We find these components are sufficient to make a well-functioning AI agent system regardless of model size, architecture or reasoning capabilities. Making a good planning system is relatively easy as this is where we see the best instruction following, be this related to form or function. Self-evaluation is about twice as hard as Planning. The main reasons for this is that the self-evaluation component requires contrastive thought i.e. identifying related and unrelated things as well as inductive and deductive reasoning to form valid conclusions from premises. Reasoning models naturally do better at this task than non-reasoning models, however, not without paying a penalty on the number of tokens required to achieve the desired answer. Where decisions boil down to some form of classification this can feel expensive both in terms of tokens and wall time. As such we take steps to achieve the desired outputs comparable to reasoning models without the token and wall time penalty associated with their use. One by-product of this is to reduce the model’s overall generalisability, however in this case the task is constrained sufficiently such that any classification based decisions are able to be satisfied. Lastly, the LLMs we have tested tend to perform most poorly on execution steps, particularly those that require multiple sequential steps. This observation isn’t novel but that it is 5 times more difficult for a model to produce desired output steps was a surprise to us, as the ability to take actions is an important, if not defining, characteristic of an AI agent.
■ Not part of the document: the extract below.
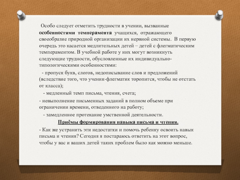 Слайд 11 Особо следует отметить трудности в учении, вызванные особенностями темперамента учащихся,
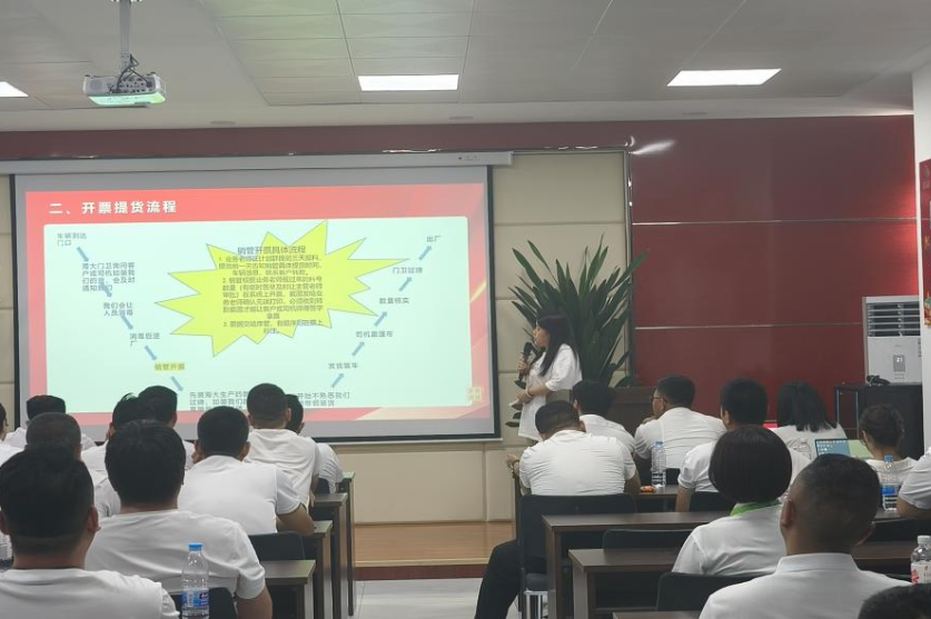 其次由銷售內(nèi)勤穆曉英,張曉梅老師對(duì)日常提貨流程及上半年績(jī)效數(shù)據(jù)做了公布。

So what are the implications of these observations? First, building AI agents that need to reliably interact with real-world systems need to be able to reliably execute multiple steps accurately. In areas which have strict requirements, those very same requirements are more likely to result in poorer outcomes than letting a model define it’s own approach to solving a problem. This is because approaches proposed by models may have built-in redundancy, namely that they are less strict on requirements, so, the how it gets there is less important than that it at least eventually gets there. So why don’t we just let AI agents figure out how to solve issues with no frameworks or strict requirements, the answer is probably more to do with the cost associated with this i.e. the number of tokens associated with such an approach. Users of AI systems have no doubt noticed that AI models that use tools have a tendency to use tools at a much higher rate than a human would. We observe this across a range of different models from frontier models to open-source and from large to small LLMs. Put another way we observe that LLM based AI agents are not frugal when it comes to using tools and taking actions to solve problems. Therefore if models decide their own strategies to achieve a desired objective and they are predisposed to be profligate with their use of tools along the way, it is no surprise that the people paying for these systems may eventually balk at the cost associated with using them sooner or later. One approach is to improve the instruction following of such a system, and as the reader must surely begin to notice by now, this is not costless. Our chosen approach is instead to make our models extremely frugal when they slip into this pattern of making repeated use of tools for no additional information gain and minimising the number of execution steps required to achieve a desired task. By doing so this allows us to be able to achieve the tasks our users want whilst also not burning through their budgets. Yes, this means it costs less to achieve similar tasks using our AI agent than a larger more frontier system and as a result our users get more bang for their buck using Eikon.